In fact, Tor is blocked in China. Tor is not usable for the people who want to circumvent the censorship. Psiphon, Lantern, and other VPNs just work. They do not require extra steps. You download, run it, access the blocked content. You can argue in hundreds of words about technical reasons, we don't care. Tor doesn't work without lots of extra steps and efforts.

Tor requires you download a huge file, run it, find it does not work, waste time looking around for solutions, eventually find bridges, find the bridges don't work, waste more time looking around for solutions, find obfs bridges, hopefully your bridge is online, then maybe you can get tor to work.

Tor in China needs to be: download, run, access the site. I want a tool that works, not an ideology packaged in a multi-step challenge. Xbox and PS4 are more fun at multi-step challenge than tor.

That's a bit stupid for me to say than "Tor in China needs to be: download, run, access the site. I want a tool that works, not an ideology packaged in a multi-step challenge. Xbox and PS4 are more fun at multi-step challenge than tor. ".

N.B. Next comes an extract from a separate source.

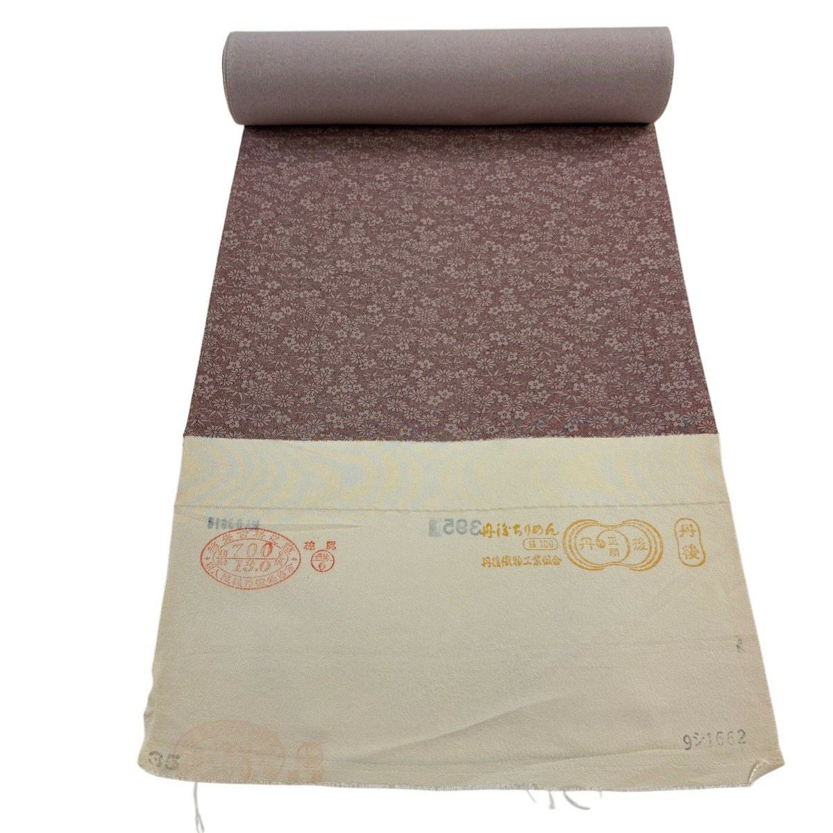反物 秀品 江戸小紋 花柄 小豆色 正絹

Tor isn't an ideology, it's a software. And it's 60% runned by the US, so i think than it's normal for them to try being able to adapt to every situations (US marines in Afghanistan used TOR to reach their online stuff).

Psiphon基本是连不上的。
Lantern第1版死掉后,第2版也是极小范围在试用。
其他VPN,很多是PPTP,鉴于pptp的弱点,就不多说为什么会让它存活了。

tor跟其他的VPN有个显著差别,VPN是为了能跨越gfw,而tor是在跨越的同时力求保证匿名。

为什么tor一直被追杀,原因就在于此。等到被认为不具备匿名作用了,arms race也就停止了。

Psiphon被封杀,但是可以先开启海外的VPN,就能连接成功,等待几分钟就能更新服务器列表。。这样重复几次,就可以断开VPN,用Psiphon3直接连通了。

I wholeheartedly agree. I came here, because I was trying to find a way to set up Tor from within China, but instead of giving a detailed explanation of how to go about that, the Tor guys apparently are more interested in uptalking statistics. Who on earth cares about that???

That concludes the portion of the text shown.